Uno, como creador, tiende a ver todo desde la perspectiva del arte. Puede ser un
gran error por cuanto tendemos a literaturizar lo que nada tiene que ver con la literatura,
pero también puede ser un acierto innegable, porque permite poner un problema —por
difícil que sea— en perspectiva, donde pueda ser analizado con la frialdad técnica del poeta
o narrador.
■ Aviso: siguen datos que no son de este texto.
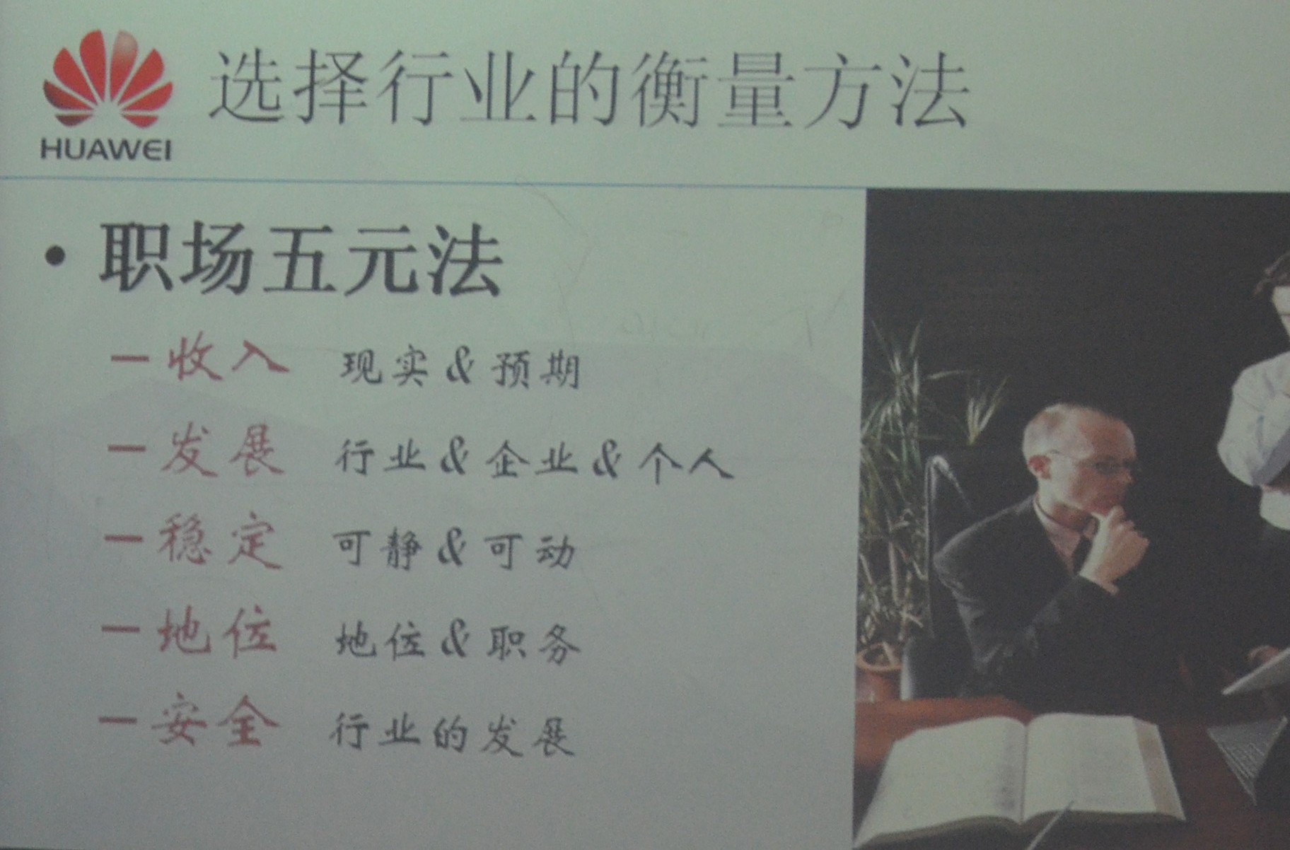 就职业方面而言,肖伟老师给出了职场五元法,“收入、发展、稳定、地位、安全”。

Cuanto más habilidad técnica tengamos, en este caso para analizar la realidad y
no sólo una obra de arte, más rápido hallaremos la forma de enderezar los tuertos de nuestra
existencia.
Dos epifanías bonifacinas: Forma es fondo y No hay verso que no se deje. Todo lo
que necesito saber para vivir en el mundo, no lo aprendí en aula alguna sino luchando con
la poesía, que siempre ha sido la mejor metáfora para hablar de la vida misma.